Networks also need to be segmented more granularly, which will help monitor the traffic flowing through as well as allow administrators to shut down one section of the infrastructure without impacting the rest of the company, Williamson said.
The network can be segmented by user role and application and how they should be able to communicate internally. "While everyone is likely to need to get to the Internet, everyone probably does not need to get to the internal accounting system," Williamson said.
Security controls help organizations assess risks and make informed decision about which issues take priority. Organizations should also use network security controls to improve risk assessment and mitigation, said Matt Dean, FireMon COO.
"There are lots of reasons that we don’t connect every device directly to the Internet and we spend millions of dollars on network security," Dean said, noting, "When evaluating vulnerabilities to understand the risk that is posed, factor in both access to and value of the asset in addition to the severity of the vulnerability." This will ensure that priority is given to "assets that are reachable from threat sources and can greatly reduce risk," Dean said.
Learn about the network, but that's not the only thing to worry about. Organizations should resolve to "double-down on identifying critical intellectual property," said Gunter Ollmann, CTO of IOActive. Instead of trying to protect everything, organizations should focus on identifying where "their truly valuable intellectual property actually rests and consolidate defenses at that level," he said.
Dean agreed, saying organizations need to know where the important systems are. Every asset doesn't have to have a value, but the important ones should be known and risk ranked, Dean said. Knowing who the threat actors are and knowing which systems are sensitive would give administrators sufficient information to understand and improve security.

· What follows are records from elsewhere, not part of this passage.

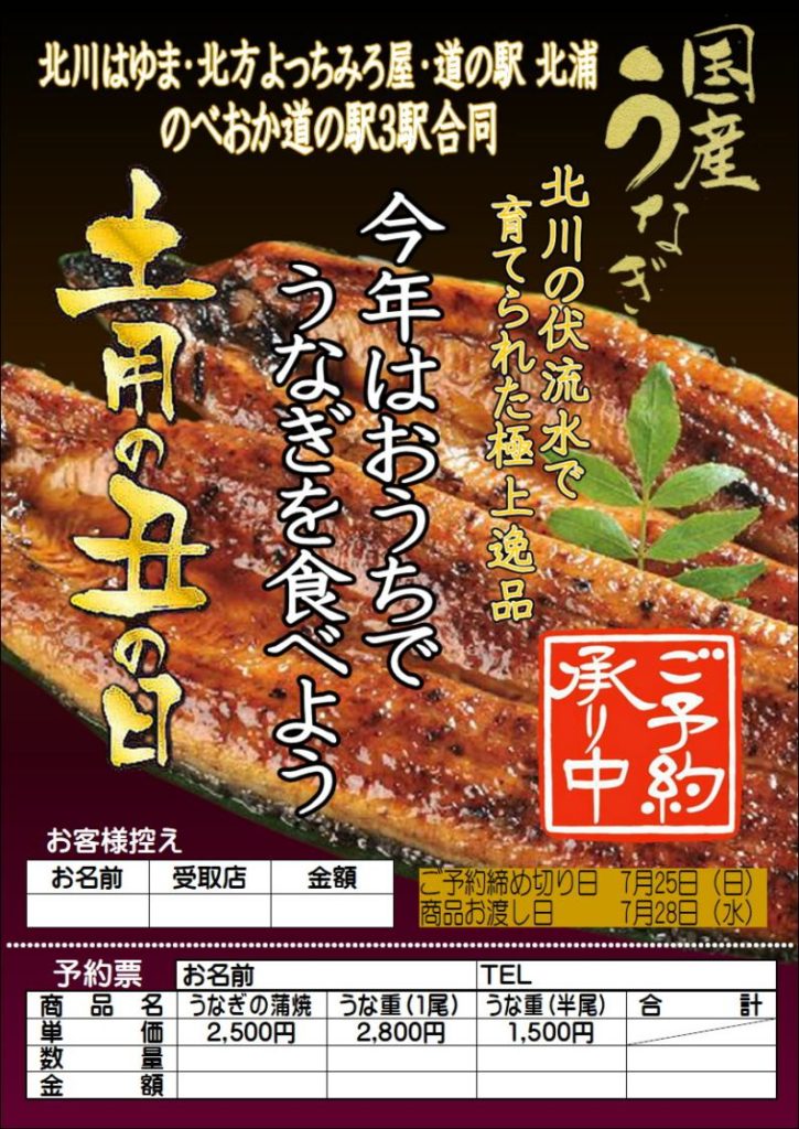 今年の土用の丑の日は北川産ウナギで決まり!!
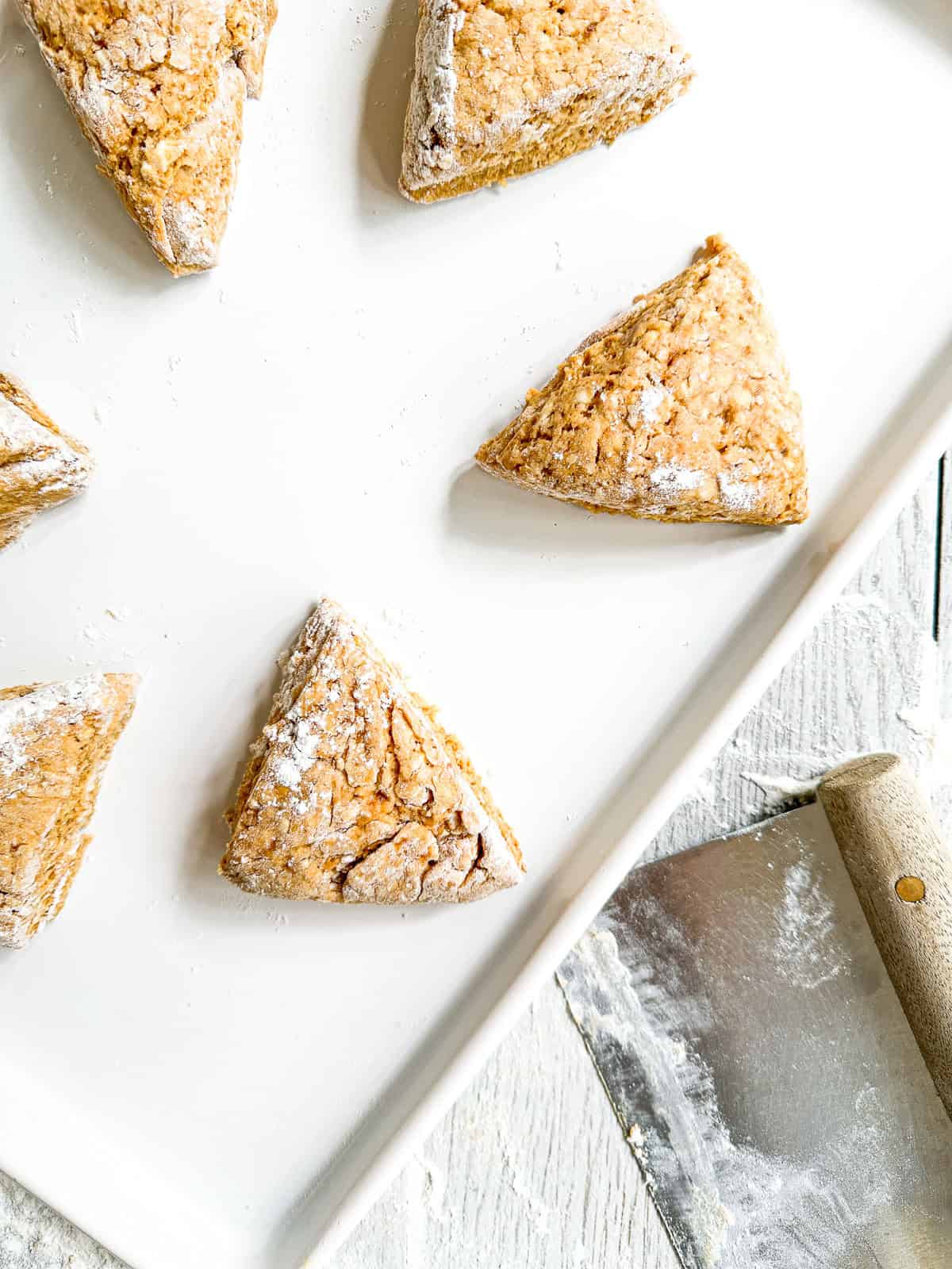 - Turn the dough out onto a floured surface and bring it together into a 6 inch disk with floured hands. Cut the disk into 6 triangles, and place the scones on your parchment lined baking sheet.
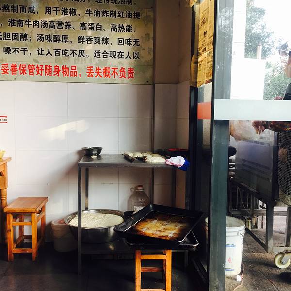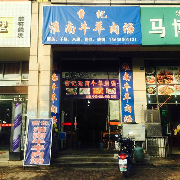 曹记淮南牛羊肉汤馆内简介说,牛羊肉汤,四季皆宜:春爽口,强身壮骨;夏清热,开胃健脾;秋去火,恢复元气;冬暖胃,大补大益。不过,个人更倾向于这寒冷的天气喝一碗,全身都暖。 曹记淮南牛羊肉汤是同事推荐给我的,位置也很好找,马鞍山市花山区东晖路与蓬莱路交叉口往东晖路北侧前行20米处,隔着东晖路对面就是万嘉颐园菜场。公共交通方面,只有107路公交车,停靠万嘉颐园站。 曹记淮南牛羊肉汤馆内主要经营牛肉汤、牛杂汤、牛肚汤、牛筋汤、牛肉粉丝千张、牛肉米线千张等各种牛肉汤;羊肉面、羊肉千张、羊杂面、羊杂粉丝千张等各种羊肉汤;凉拌牛肉、凉拌牛杂、凉拌牛肚、凉拌羊肉等各种凉拌类;还有就是现做现烤的脆烧饼。价格方面,像牛肉汤、羊肉汤、羊杂汤等的汤类,小碗10元、大碗15元;像牛肉或羊肉粉丝、千张和面类,小碗9元、大碗11元;凉拌类食品30元/盘。强烈推荐大家试吃烧饼,1元1个,又脆又香,真心不错。 曹记淮南牛羊肉汤馆内环境一般,角落里还有餐饮服务食品安全等级C级的标识,不过服务还蛮好的,店内有两个工作人员,一个小伙子负责牛羊肉汤,一个大姐负责做烧饼。 因为四周都是居民生活区(汇成上东小区、西湖花园小区和万嘉颐园小区),所以人流量较大,加之物美价廉所以曹记淮南牛羊肉汤生意非常红火! 温馨提示:本人吃了碗牛肉粉丝汤,太烫了,又赶着上班,急匆匆的吞咽,出门才意识到口腔黏膜全破了,甭提多悲催!所以,前车之鉴,吃慢点!

During the assessment, organizations need to think about the non-traditional systems, such as smart TVs and conferencing systems, since anything that runs software can someday be exploited, Cosoi said.
This sounds pretty simple, but it's startling how many organizations don't run simulations regularly. For the New Year, organizations should commit to running a firedrill/simulation/table-top exercises, said Ted Julian, CMO of Co3 Systems. Simulations help ensure staff are ready in case of a real breach and identify gaps in technology or process to respond effectively. Not being ready to handle a breach can result in lost customers and revenue, regulatory fines, brand damage, and a drop to the stock price.
Since they aren't as urgent the way a real data breach would be, simulations often get overlooked, put off until the last minute, or are otherwise given short shift, Julian said.
Ollmann agreed, saying, "Incident response should be a pre-planned action, not a 'hair on fire' experience."
"By failing to give simulations the time and attention they deserve, firms deny themselves all of these benefits while at the same time increasing the likelihood that their response come the day is flawed," Julian said.
If distributed denial-of-service (DDoS) attacks are a concern, it's time to geographically diversify infrastructure in 2013, said Tommy Stiansen, the CTO of cyber-risk intelligence company Norse Corporation. Companies can reduce their vulnerability to DDoS attacks and improve their ability to maintain business continuity by distributing their infrastructure, Stiansen said.
Organizations need to be moderately skeptical about the bring-your-own-device trend, Cosoi said. While allowing users to bring their own devices to work may cut down on IT-related costs, it weakens the IT team, Cosoi said. Ollmann agreed, noting that resistance was futile and organizations should plan for unauthorized devices connecting to the corporate network. One way to deal with the trend is to implement application-level security and policy controls, to ensure that data remains within the applications on the server and is not downloaded onto the client device, Ollmann said.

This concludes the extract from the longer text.